From Twin Creek Media's YouTube Channel:

It's always important to celebrate the wins - big or small! In this episode, we flip the narrative from our last two episodes on "Biggest Losers" to talk about the "Biggest Wins" in our marketing and advertising careers.

Let's start!

James: Welcome to the show! It's Noah and James, and we're talking about our greatest wins and greatest losses in our careers over the years in marketing and advertising. So, this is the winning episode. We get to be winners today! I had to buy like an entire box of Kleenex for Noah last time because he burst into tears after the show ended, but have you recovered now?

Noah: Well, it was hard to get over all those losses, but I'm back!

James: That's good, and you've had some time to capture some wins, too!

A Million Dollar Win!

Noah: The biggest win I ever had was Miller Lite.

James: Like the drink? Drinking a beer is your biggest achievement?!

Noah: Haha, yeah, I mean, I pitched on it twice, actually. So this is a fun story. When I first pitched on Miller Lite, they were not ready to launch, so they didn't choose an agency. Since then, I had left, and they went to a different agency, but they came back because they liked the pitch. They said, “Noah, do you want to pitch again?” I did. So we pitched on it competitively against another much larger agency and ended up winning. And that was like the biggest win because it was the largest launch in, I believe it was 2014 and the largest budget spend of almost any of the beer brands.

James: That's amazing! So it would have been millions of dollars?

Noah: Oh yeah, it was crazy!

A $6000 Win!

James: My win looks very, very weak compared to that one, but you have to remember this was at the very beginning of my career. I just came out of college, so one of the first projects my buddy and I got was for a Two-Way Radio Communications and Equipment Company, building an e-commerce website. So we were fresh out of school, we knew the latest technology, we were full of confidence and the project was $6,000. So, you know, not millions, but it was $6,000. And we thought this was, at the time by far the biggest contract we ever landed! We were on top of the Moon! This was going to pay us for two months! We were only making $3,000 a month or so working from home; this was way back in 2006 or 2007.

But it didn't go as planned, and this was a bit of a scope issue. We had no idea what we were doing; we were just full of confidence - false confidence. So the project would have been okay if it did take two months but it took eight months.

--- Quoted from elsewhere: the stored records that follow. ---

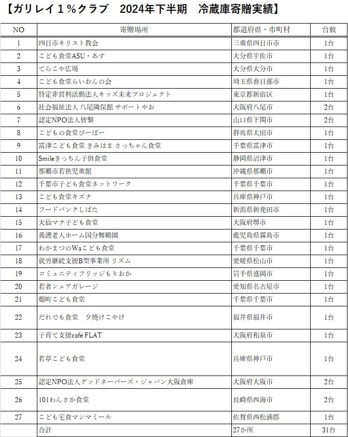 【ガリレイ1%クラブ】子ども食堂等に冷蔵庫31台寄贈2024年度下半期実績
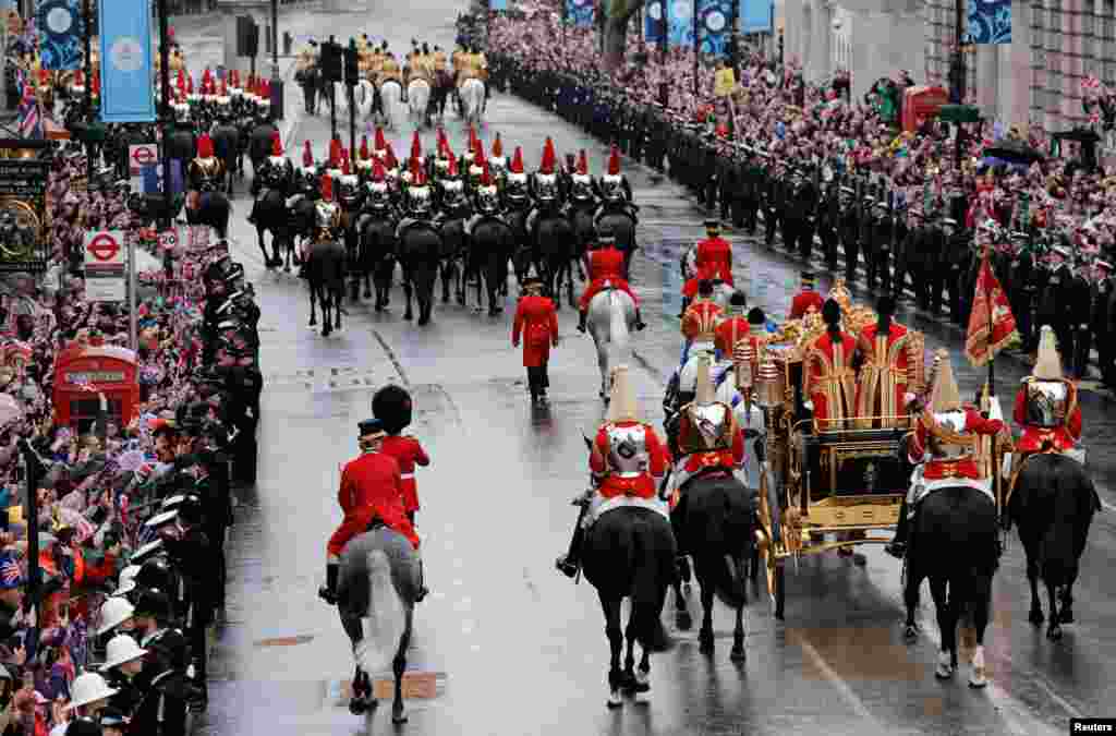 برطانیہ کے بادشاہ چارلس سوم کی تاج پوشی کردی گئی ہے۔ ہفتے کا دن برطانیہ کے شاہی خاندان کے لیے اہمیت کا حامل تھا کیوں کہ 70 برس بعد تاج پوشی کی یہ پہلی تقریب تھی۔ لندن کے ویسٹ منسٹر ایبی میں شاہ چارلس کو ہیروں اور قیمتی پھتروں سے جڑا ہار پہنایا گیا جس کے بعد ان کی اہلیہ کو بھی تاج پہنایا گیا جس کے بعد انہیں ملکہ کا خطاب مل گیا ہے۔ تاج پوشی کی تقریب کے بعد بادشاہ اور ملکہ شاہی بگھی میں سوار ہوکر بکنگھم پیلس گئے جہاں انہوں نے اپنے چاہنے والوں کو ہاتھ ہلا کر جواب دیا۔ اس دوران فلائی پاسٹ کا بھی مظاہرہ کیا گیا۔ تاج پوشی کی تصویری جھلکیاں دیکھیے اس پکچر گیلری میں۔
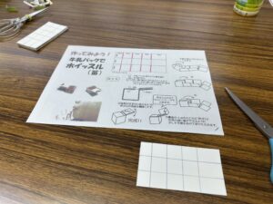 ・牛乳パックホイッスル、新聞紙スリッパ作成

It was very, very complicated, the software was a little newish, and it wasn't quite as easy to use as these days, and there were a lot of learning curves to do, so really, it was the first time we built something this big! And because we didn't know what we were doing, we had to learn everything for the first time and that's a red flag.

So if we get into a project now and we haven't done it before, should you even attempt at this point, because you have a high chance of screwing it up or even if you're successful, which we were in the end, we didn't make any money.

So I made about $10 to $15 an hour, and once I figured out how many hours I put into the project, my friend Thomas (who's now one of the owners of this company), all these years later, he, calculated his rate of return and it was five bucks. So he made $5 an hour! He's like, well, if I'm doing this, I could have made more money flipping burgers at McDonald's, but here I am.

But at least he had the experience! James

Noah: Yeah, and it's a bit of an investment in knowledge and experience.

James: That's what we had to chalk it up to; otherwise, you just feel depressed, right? See, you got paid to learn something, but man, it was a hard lesson. Still a win!


Meeting Expectations

Noah: Another big win for me would be one of the brands that I worked on was my first large contract as a small company, and unlike yours the margins were huge on that one because it's all design work. I knew the scope; I knew how to design packaging. I had just started up my own design packaging firm, and it was in the category that I'm familiar with, which is Alcoholic beverages, it was the largest rebrand that year, and it's the largest volume Wine in Canada. So it was a very very big deal and that was again a competitive pitch against the same agency that I beat for Miller Lite.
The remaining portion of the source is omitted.